Cat summer care is something to take seriously. Yes, cats get sunburn too - and even skin cancer! On this page I will tell you my experience of my own poor little cat getting sunburn so bad that she had to have an ear removed!
And I will give you some good cat care tips on how to prevent this from happening to your own kitty, and why taking out some cat insurance can be a good idea too.
Just as we humans are advised to protect ourselves from too much sun to help reduce our risk of developing skin cancer, so it can apply to your beloved pet too!
This is especially the case with white cats and those with white ears (just as fair skinned people are more at risk as well).
The fur on the ears tends to be much thinner than on the rest of a cats body and this, combined with a pale colouring means there is very little protection from the sun. And the fact that so many cats just love to sun bathe all day long means the risk of cat skin cancer is even greater.

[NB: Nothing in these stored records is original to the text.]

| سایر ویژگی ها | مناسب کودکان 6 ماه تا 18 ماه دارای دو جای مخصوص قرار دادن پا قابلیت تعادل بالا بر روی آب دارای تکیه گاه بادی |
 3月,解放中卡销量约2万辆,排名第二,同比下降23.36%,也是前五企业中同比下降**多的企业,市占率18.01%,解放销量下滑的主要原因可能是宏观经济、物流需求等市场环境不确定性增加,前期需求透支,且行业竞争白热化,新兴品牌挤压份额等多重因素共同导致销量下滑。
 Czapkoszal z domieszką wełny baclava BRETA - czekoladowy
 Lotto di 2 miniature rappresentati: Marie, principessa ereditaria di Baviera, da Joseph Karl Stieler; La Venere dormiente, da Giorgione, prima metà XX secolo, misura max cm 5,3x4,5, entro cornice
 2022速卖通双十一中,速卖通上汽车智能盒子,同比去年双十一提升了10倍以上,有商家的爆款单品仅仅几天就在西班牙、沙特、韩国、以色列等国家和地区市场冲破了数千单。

Our dear little cat Mo was a complete sun worshiper and one summer she got sunburn on both her ears. We were about to find out just how important it is to provide good cat summer care!

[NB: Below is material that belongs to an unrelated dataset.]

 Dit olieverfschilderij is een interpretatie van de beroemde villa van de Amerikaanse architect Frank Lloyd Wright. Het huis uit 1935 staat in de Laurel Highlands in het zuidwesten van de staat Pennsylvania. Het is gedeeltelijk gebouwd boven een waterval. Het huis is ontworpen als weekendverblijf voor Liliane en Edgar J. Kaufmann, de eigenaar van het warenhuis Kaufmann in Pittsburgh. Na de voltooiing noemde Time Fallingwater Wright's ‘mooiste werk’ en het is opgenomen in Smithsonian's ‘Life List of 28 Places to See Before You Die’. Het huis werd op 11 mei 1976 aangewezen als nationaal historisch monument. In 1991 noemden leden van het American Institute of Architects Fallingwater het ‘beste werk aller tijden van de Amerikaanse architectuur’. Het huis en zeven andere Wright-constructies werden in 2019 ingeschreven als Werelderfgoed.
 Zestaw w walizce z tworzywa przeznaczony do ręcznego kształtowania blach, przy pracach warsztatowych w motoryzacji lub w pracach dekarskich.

It didn't look too bad until it went a bit scabby and very slowly a lump started to develop on her left ear.
We took her to the vet who took a biopsy. This proved that the lump was not malignant (cancerous) but we were told to bring her back if it got any worse because it could still develop into cat skin cancer.
Well, it did keep growing and when Mo had a scratch, she would catch the lump with her claws and make it bleed.
So the decision was made to remove the lump and unfortunately most of her ear with it.
Luckily we had taken out good cat insurance, otherwise I hate to think of the problems we may have had trying to find the money to pay for all her tests and operations!
So what could we do to prevent this from happening to her other ear?
Well, as part of our cat care routine, every spring and summer and on any other nice hot sunny day, we would make sure that we put a high factor sun block cream on her remaining good ear. We rubbed it in well so that when she washed herself she didn't ingest very much, and it did seem to prevent any further problems.
If only we had realised we needed to do this from the beginning!
Our vet informed us that in Australia and similar hot countries it can be common to remove cats ears as a preventative measure, as cat skin cancer is so common over there!
Other methods of protection we have heard about are tattooing dark pigment on to the ear, or regularly using a permanent black marker pen to colour the ears black.
But we found that sun block cream worked just fine and Little Mo got so used to having it put on that she didn't even try to wash it off.
I don't know how successful the other methods are, and if anyone has any other tips on good cat summer care, then I would love to hear them.
It is obviously an important part of good cat summer care to always ensure your kitty has access to a shady spot in the garden, and a fresh supply of clean water to drink.
It can also be a good idea to keep your cat indoors during the hottest midday hours on particularly sunny days, as this is when the risk of sunburn is at its highest. They can still go out and enjoy the sun later in the day when things have cooled off a bit.
Luckily, little Mo remained a perfectly happy cat despite losing her ear (and she still worshiped the sun!) but we would hate for other cats to have to go through the same thing!
By following these simple tips on good cat summer care, we hope you too can help protect your own cat from getting sunburn and risking developing cat skin cancer. And don't forget to look into getting some affordable cat insurance, because like us, you never know what might be round the corner when it comes to looking after your feline friend!